I am seeing more posts about the impact of AI in education and how this will transform learning. Silicon Valley appear to be referencing ‘The 2 Sigma Problem’ from a study by the educational researcher Benjamin Bloom (1) with the AI advances over the last 12 months. The problem stems from the observation that students who are tutored one-on-one using mastery learning techniques perform much better than students who learn via conventional instructional methods. Bloom found that the average tutored student performed better than about 98% of the students in the traditional learning setting. This difference in performance is referred to as the "two sigma" advantage, as it represents two standard deviations on a normal distribution curve. This fancy language comes from a long, detailed and rich history of scientific enquiry, where it has been noticed, in countless observations across all of nature (it started with counting stars) that events with single causes tend to happen in the same clumped pattern around an average. We know if something funny is happening if it happens outside this pattern. 

The purpose of this short blog is not to address the methodological challenges with effectiveness studies when scaled, as this needs to be covered in greater depth when considering the 2 Sigma Problem. I will be tackling this over the summer as I believe we need to take a step back to consider the basic concepts in testing the effectiveness of any type of educational intervention. I think we can all relate the following example from our early childhoods. 
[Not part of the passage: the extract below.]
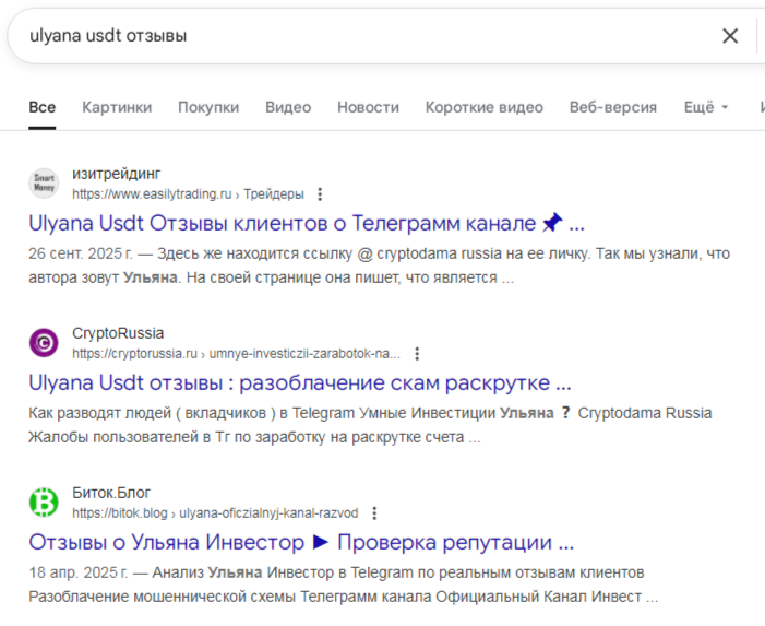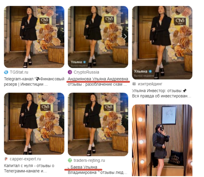 Сделав поиск по аватарке оказалось, что где-то девушка Ulyana Usdt подавляется как Андриянова Ульяна Андреевна, а где-то – Баева Ульяна Владимировна. Это намекает на то, что она придумывает себе новые имена с чистой репутацией и пытается скрываться от обманутых клиентов.

Try to remember being back in primary school, as you eagerly prepare for a simple yet fascinating science experiment. Your teacher introduces the concept of fair tests and variables by having you and your classmates grow two sets of bean plants. To determine the impact of sunlight on plant growth, you place one set near the window where they receive ample sunlight, while the other set is tucked away in a dark corner of the classroom. By carefully monitoring and comparing the growth of these two sets of plants, your young mind begins to grasp the importance of using a comparator in research. This early exposure to experimental design not only sparks your curiosity but also lays the groundwork for understanding the significance of robust evidence in education and beyond. 

Now let’s return to the present day, and my current LinkedIn news feed informing me of the of next big transformational AI product that will revolutionise learning. EdTech entrepreneurs and established companies releasing new ground-breaking technology and how these will scale to millions of users in the next 12 months.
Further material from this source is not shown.